There is a very bad proposal coming from Georgia’s Republican U.S. Senator Saxby Chambliss as a way to keep health care costs down. Chambliss is known to be a friend to big business and his proposal shows it.
Chambliss is co-sponsoring legislation he says would cut down on so-called “frivolous” malpractice lawsuits.
Instead of capping the jury awards to the injured, cruel in itself if a truly injured person wins their case before a jury and is then told, “Sorry, state law caps what the jury wanted you to have.” Equally cruel, Chambliss has been joined by Sen. Lindsey Graham, a South Carolina Republican, in supporting a so-called “loser pays” legislation that would require those involved in a medical malpractice claim to enter nonbinding arbitration to try and resolve their differences.

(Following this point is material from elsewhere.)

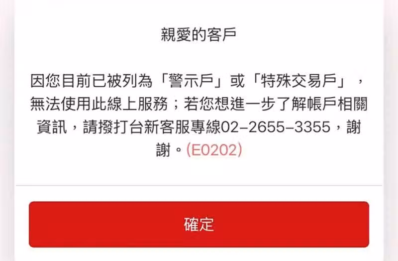 一名網友日前在Threads上曬出一張截圖,只見他收到網銀APP的通知,顯示目前已被列為「警示戶」或「特殊交易戶」,因此無法使用網銀線上服務,並請原PO撥打客服處理。對此,原PO也不解表示:「吃著火鍋、唱著歌就變成警示戶了,我謝謝,脆神們這個何解?」

Only if that did not resolve the dispute could they go to court, but if the injured loses, he or she would be on the hook to pay the opponents’ legal fees which easily could run into the hundreds of thousands of dollars.
Chambliss defends the proposal, called the Fair Resolution of Medical Liability Disputes Act of 2009.

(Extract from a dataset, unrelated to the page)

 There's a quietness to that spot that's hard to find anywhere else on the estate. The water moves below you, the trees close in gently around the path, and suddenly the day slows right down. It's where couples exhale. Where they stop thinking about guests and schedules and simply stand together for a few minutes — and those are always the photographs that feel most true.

Now remember this would apply, even if the person is successful before a jury but has their case turned over on appeal. That means all a deep-pocketed corporation has to do is keep filing appeals to higher courts and eventually the injured will run out of funds or their lawyer will. That’s how corporations use the courts to stomp on people and make them go away.
So ultimately the physically injured can become fiscally injured. The end effect will be no lawsuits are filed because no one wants to take the chance on what an unpredictable jury will do. And that’s the point.
In a statement Chambliss said, “While no one with a valid claim for medical malpractice should be denied his day in court, those who bring frivolous lawsuits raise the cost of health care for everyone, ‘Loser pays’ should go a long way toward discouraging such junk lawsuits and lowering the cost of practicing medicine.”
Folks – there are no frivolous lawsuits that I’m aware of filed by most big law firms. No one wants to put out the couple of hundred of thousands in lawyer time and hiring expert witnesses unless there is a case. Period. It just doesn’t make financial sense.
And remember judges are given the discretion to throw out a case they think is meritless. Also the wrongdoer can file a motion for a “summary judgment” to have the case thrown out before it goes to trial. There are plenty of ways lawsuits, even those with merit, never see a courtroom. The deck is already stacked against the plaintiff, an individual who is injured through no fault of their own.
Ultimately it is the taxpayer, you and I, who bear the cost of the injured if there is not a remedy through the courts. And that is just fine with the individual or institution that has harmed you. The doctor who is guilty of malpractice, a hospital that performs a wrong site surgery, or a pharmacist who doles out the wrong medication, can continue with business as usual, unchecked and free to harm some other unsuspecting person.
Hopefully it won’t be you.
Lawsuits provide a check and balance to the system. Their presence works. Even the editor of the Journal of the American Medical Association agrees that because of the imperfect system of bringing drugs and medical devices to the market a courtroom remedy “provides a system of civil justice designed to compensate patients, deter unreasonably hazardous conduct, and encourage innovation in product design, packaging, labeling, and advertising.”
What savings would we see from adopting Sen. Chambliss’ plan? According to Public Citizen and the Congressional Budget Office (CBO), civil lawsuit reforms could save about 0.05 percent a year or $11 billion.
Instead, how about a system where we work on curbing dangerous doctors, and medical errors as a way to reduce health care costs? Not only do we save money but we don’t injure patients in the process.